Am Thu, 30 May 2013 12:00:04 +0000
schrieb xfce-request at lists.fedoraproject.org:

> Date: Wed, 29 May 2013 22:18:18 +0200
> From: Christoph Wickert <christoph.wickert at gmail.com>
> To: xfce at lists.fedoraproject.org
> Subject: Re: Download manager
> Message-ID: <1369858698.32493.12.camel at thinkmatic.localdomain>
> Content-Type: text/plain; charset="UTF-8"
> 
> Am Mittwoch, den 29.05.2013, 15:18 +0200 schrieb Raphael Groner:
> > I would like to see a download 
> > manager included in the live image, especially Xfce. There are
> > several dl managers available on the base of Gtk.
> > 
> > - gwget 
> > ** already packaged but upstream is dead(?), patches available  
> 
> Where? What for?
> 
> Frankly speaking I am considering to orphan gwget. It's dead for
> years.
> 
> > - flareGet 
> > ** not (yet) packaged in Fedora
> > ** ships browser integration: firefox, chrome, chromium, opera etc.
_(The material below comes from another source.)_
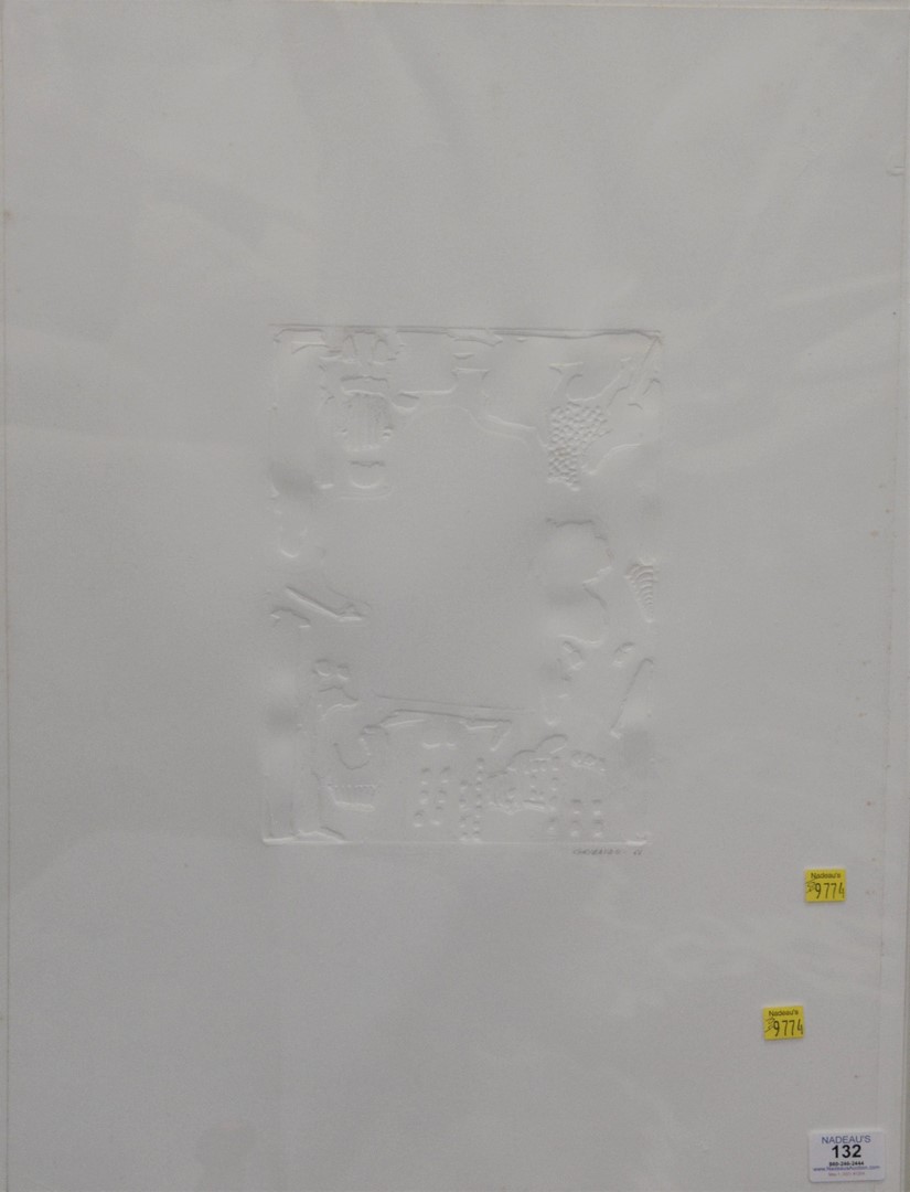 Two Piece Group to include Stephen Antonakes (1926 – 2013), Dream, 1965, silkscreen on pillowcase, edition of 100, not numbered; signed lower right ‘Antonakos’, cloth: 13 1/2″ x 17 1/2″, Byron Gallery, New York, label on back; along with a Ezio Gribaudo lithograph, signed ‘Gribaudo 66’, 24″ x 18″. Provenance: Property from the Estate of Alexis Gregory, Sold to Benefit the Alexis Gregory Foundation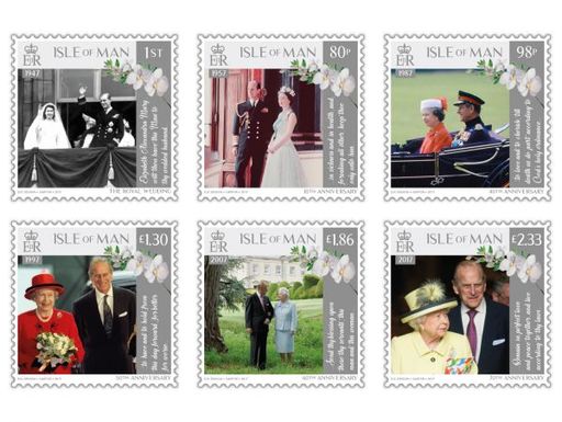 马恩岛7月9日发行女王陛下和菲利普亲王白金周年邮票

> > ** also available for win_ows (so people may feel at home :P )
> > ** semi-commercial license model, may be difficult for Fedora
> > http://flareget.com/features  
> 
> I cannot find the code anywhere. What license is it?
> 
> > - MultiGet 
> > ** not (yet) packaged in Fedora
> > ** also available for win_ows (so people may feel at home :P )
> > ** multiple mirrors for one download possible
> > ** wxWidgets for the GUI, so it means another unwanted dependency
> > ** Does anyone know what concrete license it has? I can't find it.
> > http://multiget.sourceforge.net/  
> 
> It's packaged but orphaned as it is dead upstream.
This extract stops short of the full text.